Without copying the images, write out all the entries below verbatim.

Saved data entries
○ ○ ○
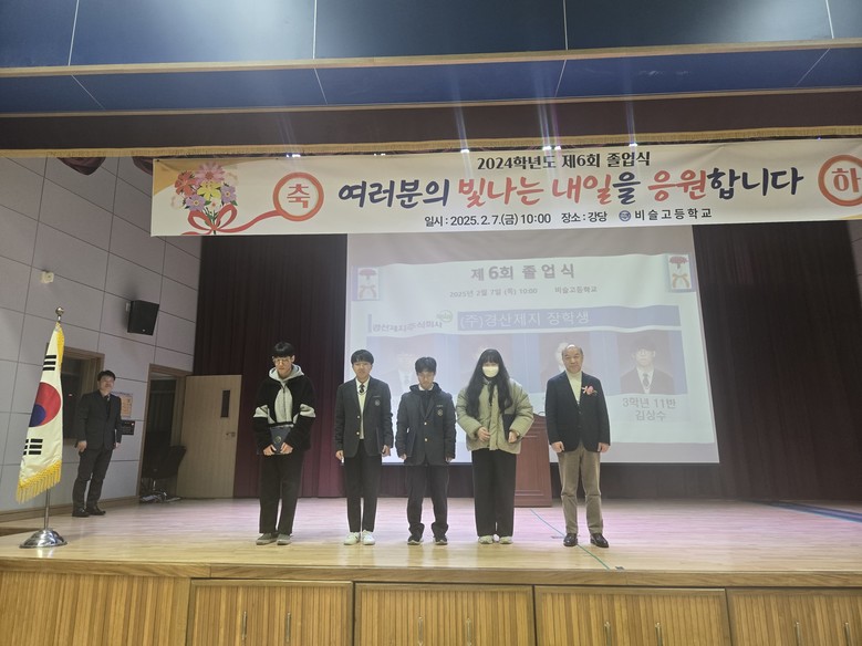 기탁금은 7일(금) 졸업식에서 경산제지의 대표이사(관계자)가 장학생으로 선발된 학생들에게 전달한다. 경산제지는 경기 침체로 기업 환경이 어려워지는 상황에서도 지역사회 기여를 위한 나눔을 이어가고 있다.
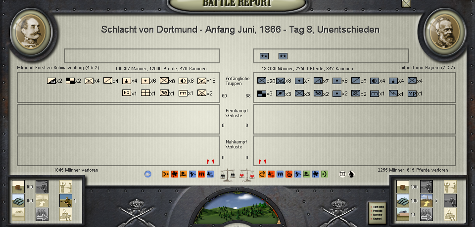 In between, the Bavarian army is led by von Clam-Gallas on an advance on Erfurt, this move is half diversion and half an alternative try to seperate Prussian east from west. Von Clam-Gallas is not expected to win against same or bigger sized enemy formations.
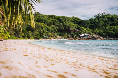 Tropical scene of beautiful white sand beach, turquoise ocean lagoon and foliage. Vacation in paradise. Mahe Island, Seychelles
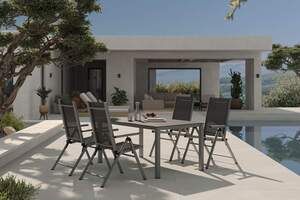 KETTLER BasicPlus Pro Garten-Essgruppe, silber/anthrazit, Alu/Textilene/Sicherheitsglas, 160 x 95 cm, 4 Klappstühle
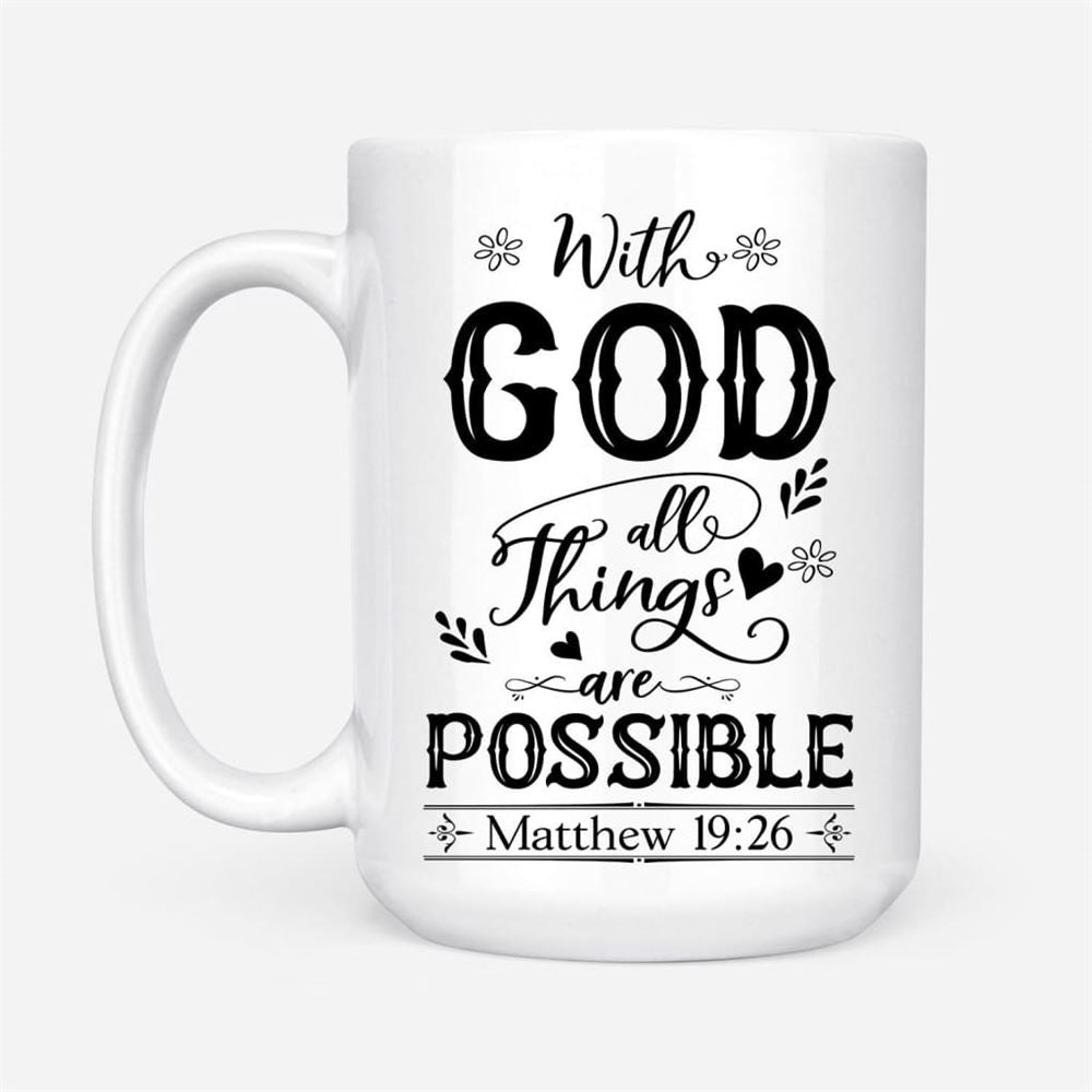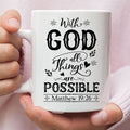 With God All Things Are Possible Matthew 1926 Bible Verse Mug, Christian Mug, Bible Mug, Faith Gift, Encouragement Gift
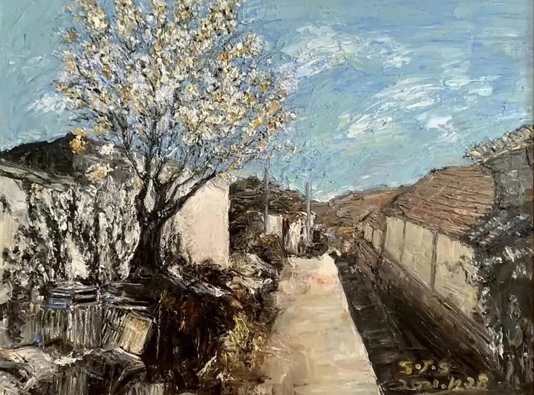 段会壮 《老屋印记》100x100cm 2025年
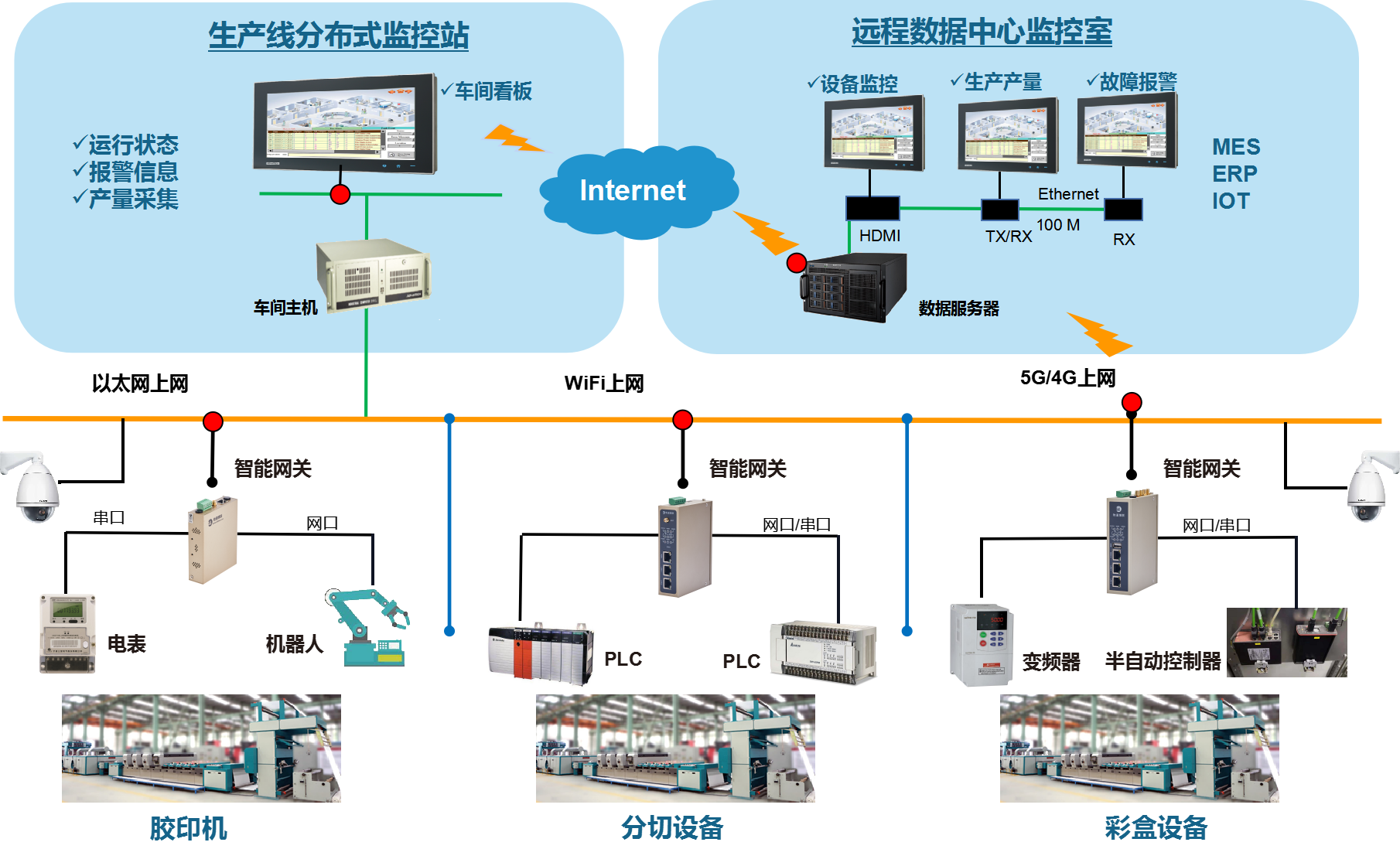顺利获得K8凯发天生赢家一触即发的两化融合和边缘计算网关采集工厂车间内的工业设备的数据,并在网关内实现边缘计算和数据标准化后将数据上传给车间看板及集团物联网云平台。在K8凯发天生赢家一触即发或者第三方云平台对数据进行清洗、计算、储存和分析后,顺利获得可视化报表和工业流程图等方式将工厂设备实时状态、生产状态等信息展现出来,提升制造工厂的智能化程度,降低运行维护成本,促进企业升级。
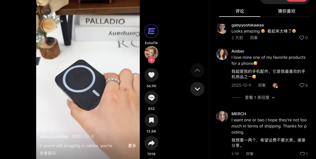 这款磁吸充电宝的成功揭示了一个商业真相,在 TikTok 上,最好的营销不是说服,而是展示。当科技退居幕后,只留下一声清脆的“吧嗒”,消费者的钱包也就随之打开了。
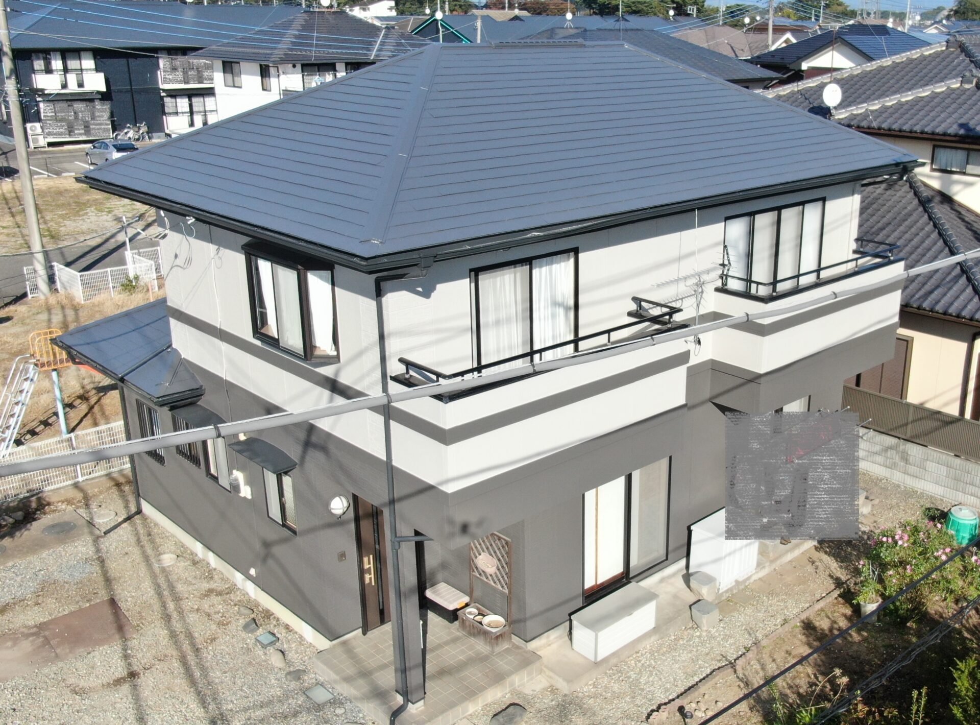 外壁は2色を使用しました。ホワイト系とブラック系を使用することで、シックな印象に仕上がりになりました!
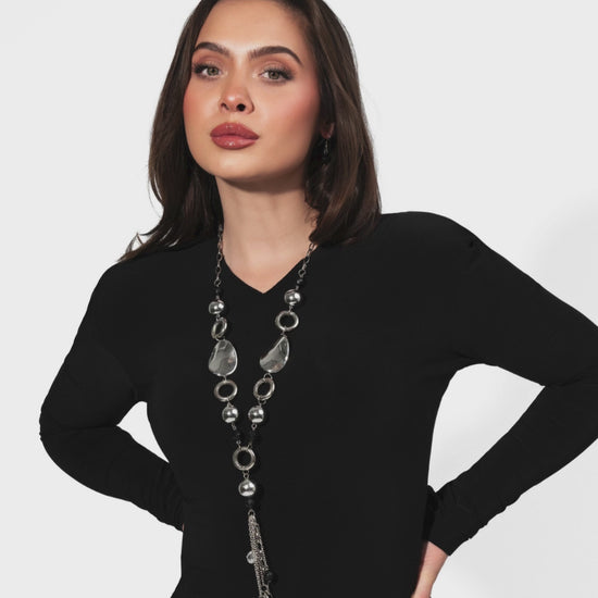 Long chain of black crystalized beads, curved plates of silver with a pearly finish, and chunky silver rings lead down to a tassel of chains and charms, including a crescent moon and a heart. Sold as one individual long necklace. Includes one pair of matching fishhook earrings. Intended for adult use.
○ ○ ○
=== Response box ===
 기탁금은 7일(금) 졸업식에서 경산제지의 대표이사(관계자)가 장학생으로 선발된 학생들에게 전달한다. 경산제지는 경기 침체로 기업 환경이 어려워지는 상황에서도 지역사회 기여를 위한 나눔을 이어가고 있다.
 In between, the Bavarian army is led by von Clam-Gallas on an advance on Erfurt, this move is half diversion and half an alternative try to seperate Prussian east from west. Von Clam-Gallas is not expected to win against same or bigger sized enemy formations.
 Tropical scene of beautiful white sand beach, turquoise ocean lagoon and foliage. Vacation in paradise. Mahe Island, Seychelles
 KETTLER BasicPlus Pro Garten-Essgruppe, silber/anthrazit, Alu/Textilene/Sicherheitsglas, 160 x 95 cm, 4 Klappstühle
 With God All Things Are Possible Matthew 1926 Bible Verse Mug, Christian Mug, Bible Mug, Faith Gift, Encouragement Gift
 段会壮 《老屋印记》100x100cm 2025年
顺利获得K8凯发天生赢家一触即发的两化融合和边缘计算网关采集工厂车间内的工业设备的数据,并在网关内实现边缘计算和数据标准化后将数据上传给车间看板及集团物联网云平台。在K8凯发天生赢家一触即发或者第三方云平台对数据进行清洗、计算、储存和分析后,顺利获得可视化报表和工业流程图等方式将工厂设备实时状态、生产状态等信息展现出来,提升制造工厂的智能化程度,降低运行维护成本,促进企业升级。
 这款磁吸充电宝的成功揭示了一个商业真相,在 TikTok 上,最好的营销不是说服,而是展示。当科技退居幕后,只留下一声清脆的“吧嗒”,消费者的钱包也就随之打开了。
 外壁は2色を使用しました。ホワイト系とブラック系を使用することで、シックな印象に仕上がりになりました!
 Long chain of black crystalized beads, curved plates of silver with a pearly finish, and chunky silver rings lead down to a tassel of chains and charms, including a crescent moon and a heart. Sold as one individual long necklace. Includes one pair of matching fishhook earrings. Intended for adult use.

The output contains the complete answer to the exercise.